Apté se sentía a sus anchas en el mundo, en tanto que Godsé se apartaba de él. Tenía un alma de planificador, de realizador. Cuando todos los invitados hubieron tomado su café, dio unas palmadas para pedir silencio. Como un presidente de Consejo de Administración analizando un balance ante sus accionistas, evocó la historia del
Hindu Rashtra
. Luego anunció un discurso de su socio. Rígido como un tenor pendiente de la batuta del director de orquesta, Godsé se adelantó.

Mientras pronunciaba sus primeras frases, se abrió una ventana del cuarto piso de un inmueble que dominaba el patio. Una silueta se perfiló con precaución en el vano. Era la de un inspector de Policía. Desde el 15 de agosto, la Policía de Poona ejercía una discreta vigilancia sobre las actividades de los extremistas hindúes de la ciudad. Todos ellos figuraban en los ficheros del C.I.D., la Oficina de Investigación Criminal. Además de los datos habituales, la ficha de Apté contenía la apreciación siguiente: «Puede ser peligroso». Para empezar, Godsé abordó fogosamente los grandes temas que le torturaban desde que Louis Mountbatten anunciara la partición: la actitud de Gandhi, la del Congreso, la división del país.

—Gandhi proclamó un día que la India solamente podría ser dividida sobre su cadáver —exclamó—. La India ha sido dividida, pero Gandhi está vivo.

»La no violencia de Gandhi ha arrojado a los hindúes desarmados en las garras de sus enemigos —continuó—. Hoy, los refugiados hindúes mueren de hambre, y Gandhi asume la defensa de sus opresores musulmanes. Las mujeres hindúes se hacen quemar vivas para escapar de la infamia de la violación, y Gandhi les dice que «la víctima es el vencedor». ¡Una de esas víctimas podría ser mi madre! Nuestra patria ha sido cortada en dos, los buitres se disponen a despedazarla. Las mujeres hindúes son violadas en plena calle. Sin embargo, los eunucos del Congreso presencian impasibles estos ultrajes. ¿Hasta cuándo? Sí, ¿hasta cuándo vamos a tener que soportar esto?

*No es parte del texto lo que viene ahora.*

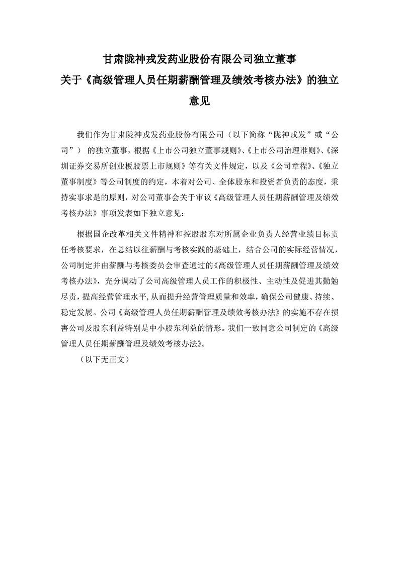 獨立董事關于《高級管理人員任期薪酬管理及績效考核辦法》的獨立意見

Sudoroso, trémulo, Godsé se interrumpió. Una atronadora salva de aplausos acogió sus palabras. Semejante entusiasmo no tenía nada de sorprendente en esta ciudad de Poona, santuario del nacionalismo hindú desde hacía tres siglos. Su héroe, Shivaji, nacido en las colinas circundantes, había librado una implacable guerra de guerrillas contra el emperador mogol Aurangzeb. Sus dirigentes, los
peswa
—los «guías»—, miembros de una pequeña aristocracia de brahmanes
chitpawan
, «purificados por el fuego», habían resistido a la conquista británica hasta 1817. Luego, antes de la llegada de Gandhi, una legión de militantes, como el gran dirigente Tilak, habían vuelto a enarbolar la bandera del nacionalismo indio.

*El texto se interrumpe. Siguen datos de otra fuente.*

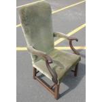 A green velvet high-backed armchair with scrolled arms measuring 66cmW x 108cmH x 66cmD
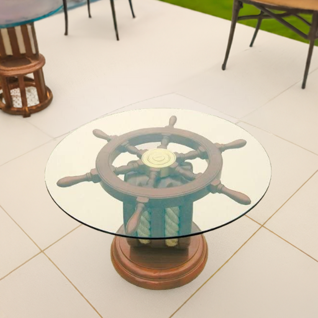 Maritimer Tisch- Beistelltisch Steuerrad- Holz und Glas Ø 65 cm

Los fanáticos hindúes de Poona tenían ahora un nuevo ídolo, un personaje al que veneraban como el auténtico continuador de la obra de Shivaji, de los
peswa
y de Tilak. No se hallaba físicamente presente aquella noche del 1 de noviembre en el patio del
Hindu Rashtra
, pero cuando su parpadeante silueta apareció en el muro del recinto, proyectada por un aparato de cine, un murmullo de respeto inmovilizó a los concurrentes. La imperfección de la imagen y de la voz no podían alterar la fascinante personalidad de Vinayak Damodar Savarkar, apodado «Vir»,
el Bravo
.

Con gafas de montura metálica tras las que ardía una mirada de poseso, con su rostro barbilampiño, sus pómulos salientes, sus labios sensuales crispados en un rictus de crueldad, Savarkar semejaba un asceta de la India antigua. Sobre su afeitada cabeza llevaba un cilíndrico gorro negro, su emblema. Viejo fumador de opio, era también homosexual, pero pocas personas lo sabían.

Ante todo, brillante orador, sus partidarios veneraban en él al Churchill de Maharashtra. En sus feudos de Poona y de Bombay, Savarkar atraía a multitudes más numerosas que el propio Nehru. Al igual que los principales líderes de la India, procedía del foro de Londres. Pero las lecciones que había retenido de su paso por el templo del Derecho eran diferentes de las suyas. La revolución por la violencia y el asesinato político constituían su credo.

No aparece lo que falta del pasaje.